Private messages, notes and such are usually excepted(in the vast majority of cases). Giving out someone else's messages or notes, however...
> This Regulation applies to the processing of personal data wholly or partly by automated means and to the processing other than by automated means of personal data which form part of a filing system or are intended to form part of a filing system.
You most likely have rights to access messages and notes about your account and person in CRM. Or directly related to it.
On other hand you likely do not have right to get all emails or chat messages even if your name is mentioned. As this is not discovery like in legal process.
Indeed that's how I read it too. It's also worth noting that GDPR is implemented separately in each country so it can in fact differ quite a lot country to country.
Another case of people thinking that GDPR is a magic word that can make any wish come true.
> I replied with a (not so-friendly) email pointing out that I was entitled to a copy of any messages because they contain my personal data.
Hum, no? You are entitled to a copy of the data that you provided to the data processor. Your messages, your records, even your IP address for the sessions on your devices.
A message that someone mentions you is not your data.
I don’t think that’s correct? Section 39 doesn’t say anything about data you’ve provided, but data that’s collected: the onus is on the data processor to process data in a legitimate way.
I don't believe the "I'm entitled to all messages discussing me because of the GDPR" is correct, though the UK GPDR may be different in a way I don't know about.

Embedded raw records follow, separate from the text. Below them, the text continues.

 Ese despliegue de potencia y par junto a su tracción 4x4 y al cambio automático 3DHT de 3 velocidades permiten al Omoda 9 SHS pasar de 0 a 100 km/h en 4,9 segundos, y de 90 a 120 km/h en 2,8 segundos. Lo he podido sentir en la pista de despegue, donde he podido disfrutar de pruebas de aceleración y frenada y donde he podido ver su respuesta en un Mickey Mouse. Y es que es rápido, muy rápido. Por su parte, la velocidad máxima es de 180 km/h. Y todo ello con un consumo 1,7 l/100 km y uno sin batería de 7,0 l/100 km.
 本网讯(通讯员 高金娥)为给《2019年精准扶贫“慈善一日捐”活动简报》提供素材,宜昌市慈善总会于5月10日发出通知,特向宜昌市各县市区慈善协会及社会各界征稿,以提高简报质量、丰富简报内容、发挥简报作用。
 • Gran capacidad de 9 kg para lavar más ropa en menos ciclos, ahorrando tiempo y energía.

It's an interesting take (what is "data" anyway? does it include "the CEO thinks <person> is a dick" if that record is kept on company infrastructure?) but I don't think it'll hold up in court. If the author decides to press the ICO to take action, perhaps we may find out one day.

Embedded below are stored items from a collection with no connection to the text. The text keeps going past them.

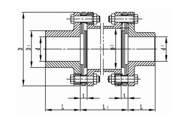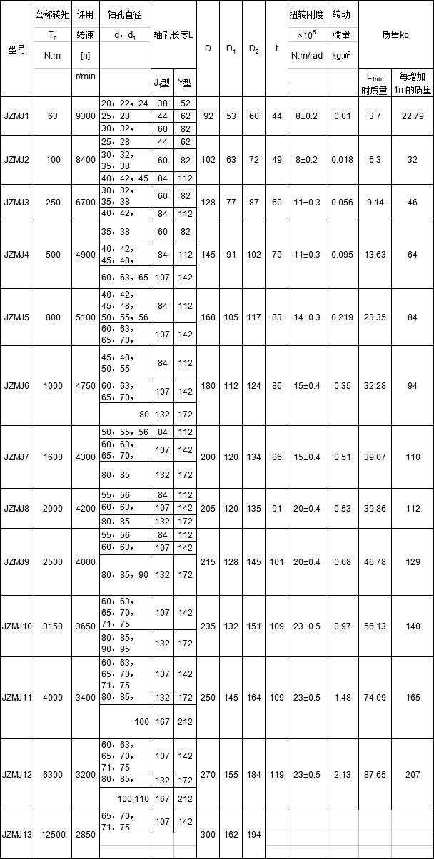JZMJ膜片联轴器 特点及应用场合:与金属弹性元件挠性联轴器相比,具有机械强度高,承载能力大、质量轻结构尺寸小、传动效率和传动精度高,可靠性好、装拆方便等特点。适用于中、高速、大转矩轴系传动。与鼓形齿式联轴器相比,具有无相对滑动,不需润滑,使用寿命长、无噪声、结构简单等特点.可部分代替鼓形齿式联辅器。不受温度和油污影响。具有耐酸、碱,防腐蚀的特点。可用于高温、低温和有油、有水和腐蚀介质的工况环境.适用于各种机械装置载荷变化不大的轴系传动,通用性极强,工业发达国家已普遍采用,是我国重点推广应用的高性能挠性联轴嚣,高精度膜片联轴器可用于高速工况。膜片联轴器与齿式联轴器相比,没有相对滑动,不需要润滑、密封,无噪声,基本不用维修,制造较方便,可部分代替齿式联轴器。膜片联轴器在国际上工业发达国家应用已很普遍,在实际应用中一般采用接中间轴型,以提高两轴线偏移补偿性能。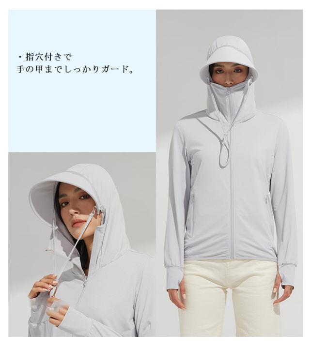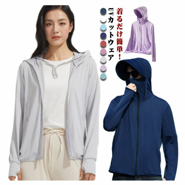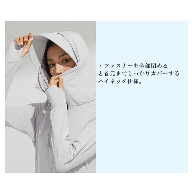 UVパーカー ラッシュガード 接触冷感 薄手 日焼け止め 長袖 ジップアップ フード付き レディース メンズ 指穴 スポーツ ジム ヨガ プール 海 海水浴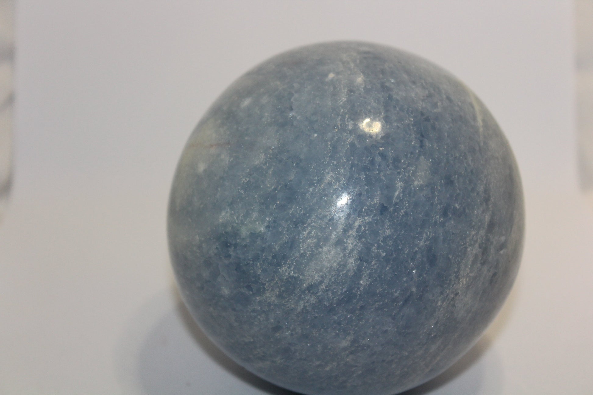 This beautiful Blue Calcite sphere is 105mm (approx. diameter) and will bring recouperation and relaxation to your environment.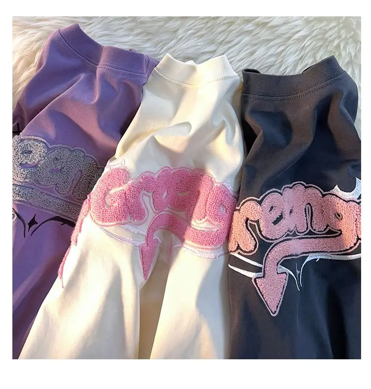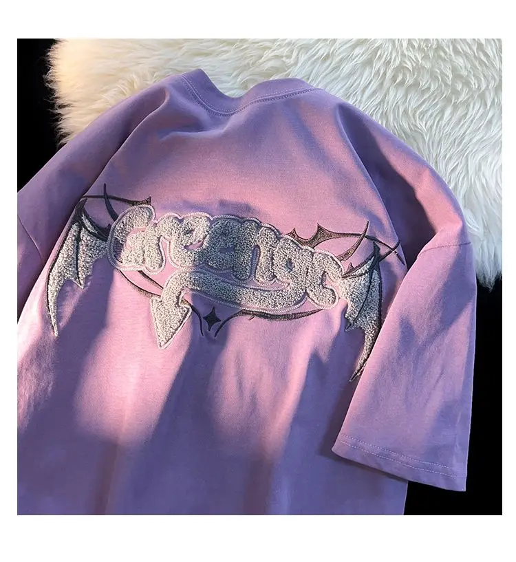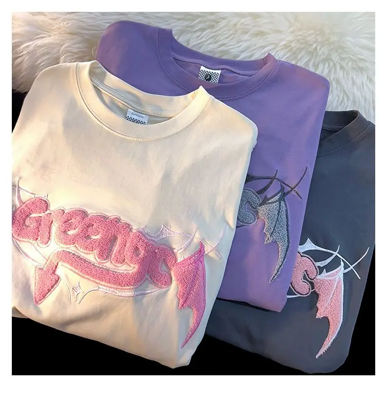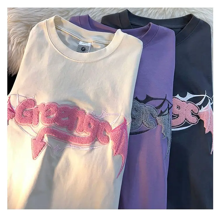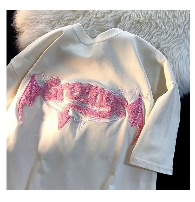 Bonsir High street men and women trendy hip-hop letters little devil wings round neck short sleeved couple loose casual T-shirt top y2k

That said, scraped data about you definitely falls under GDPR protections even if you never provided any data yourself.
Imagine I am in a dating site and want to find out all the people that expressed interest on me. I go then and file a GDPR request, claiming that those that mentions of me is "data collected about me" and therefore I am entitled to it.
Someone talking about you, or references about your PII are not PII themselves. To try to claim otherwise is absurd.
Natwest/Coutts gave Nigel Farage internally generated documents about him in response to a subject access request (according to this and my memory of other reports https://news.sky.com/story/key-points-from-coutts-dossier-on... ). Its not something that they would have done unless they had to and I assume they have competent lawyers so it does look like you can request copies of email about you.
its looks like internal discussions about someone are within scope of GDPR.
This case is odd. I haven't heard a single lawyer saying that a conversation talking about someone undoubtedly qualify as protected data, so I'm more inclined to believe that Farage was already in possession of those emails (or made aware of them) and the bank thought that trying to hide them would make things worse?
I don't think you are correct. It doesn't matter who provides the data.
> If you obtain personal data from other sources, you must provide individuals with privacy information within a reasonable period of obtaining the data and no later than one month.
I was asking for how my data was being processed. An email saying "Please perform action XYZ on this specific user" would, I think, fall under that description.
Just to be clear, getting banned from a slack got you mad enough to spend weeks (?) arguing with some random guy over email about GDPR - all because you desperately need to know what was said about you in a groupchat? And then you write an article about your experience to get sympathy on HN?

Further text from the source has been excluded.